What This Chapter Is About
The first of the five Final Hallel psalms (146-150) that close the entire Psalter. The psalm opens and closes with 'Halleluyah.' The psalmist commits to praising the LORD for the whole of his life, then issues a warning: do not put trust in human leaders — in princes or any mortal — because when their breath leaves them, they return to the ground and their plans die with them. In contrast, the one who is truly happy has the God of Jacob as his help. The psalm then catalogs what this God does: he made heaven and earth and sea, he keeps faith forever, he secures justice for the oppressed, gives food to the hungry, sets prisoners free, opens the eyes of the blind, lifts up the bowed down, loves the righteous, watches over the stranger, sustains the fatherless and the widow, and subverts the way of the wicked. The LORD reigns forever — your God, Zion, for all generations.

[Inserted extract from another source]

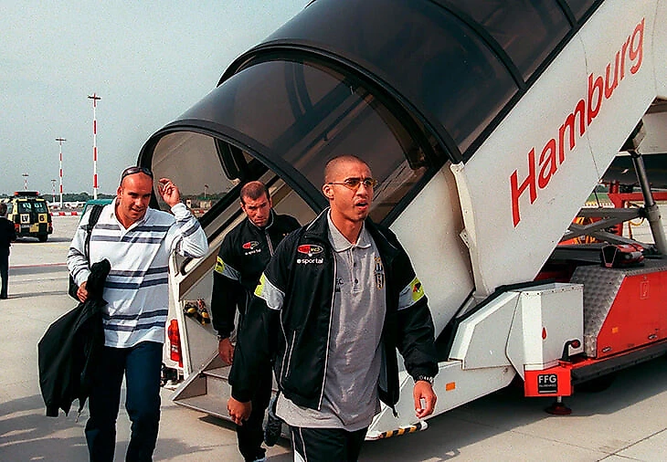 А это бразильский нападающий Аилтон вместе с курткой (она живая?) только что прибыли в Гамбург.
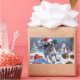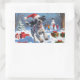 Drahthaar Pointing Griffon in Snow Christmas Hat Rechteckiger Aufkleber

What Makes This Chapter Remarkable
This psalm contains one of the Hebrew Bible's most comprehensive catalogs of divine action on behalf of the vulnerable. The list in verses 7-9 reads like a manifesto: justice for the oppressed, food for the hungry, freedom for prisoners, sight for the blind, dignity for the bent-over, love for the righteous, protection for the immigrant, support for the orphan and widow, and frustration of the wicked. When Jesus reads from Isaiah 61 in the Nazareth synagogue (Luke 4:18-19) and announces that the Scripture is fulfilled in their hearing, he is invoking precisely this tradition — the God who acts for the powerless. The psalm's warning against trusting princes (vv. 3-4) is not anti-political but theological: no human institution lasts, because every human dies. Only the God who made everything endures.
Translation Friction
The psalm is anonymous — part of the Final Hallel collection that carries no authorial attribution. The LXX (Septuagint) assigns it to Haggai and Zechariah, possibly reflecting a post-exilic liturgical setting. The sharp contrast between mortal princes and the eternal God raises the question of whether the psalm is critiquing specific political leaders or making a general theological point. The catalog of divine acts in verses 7-9 closely parallels Isaiah 61:1-3, and many scholars see literary dependence in one direction or the other.
Connections
The warning against trusting princes echoes Psalm 118:8-9 ('It is better to take refuge in the LORD than to trust in princes'). The catalog of God's actions for the vulnerable connects to the Exodus narrative (liberation of the oppressed), the wilderness provision (food for the hungry), and the prophetic tradition (Isaiah 42:7, opening blind eyes; Isaiah 61:1, setting captives free). Jesus's beatitudes in Luke 6:20-23 and his answer to John the Baptist in Matthew 11:4-5 draw on the same tradition. The final declaration 'The LORD reigns forever' connects to the enthronement psalms (93, 96-99).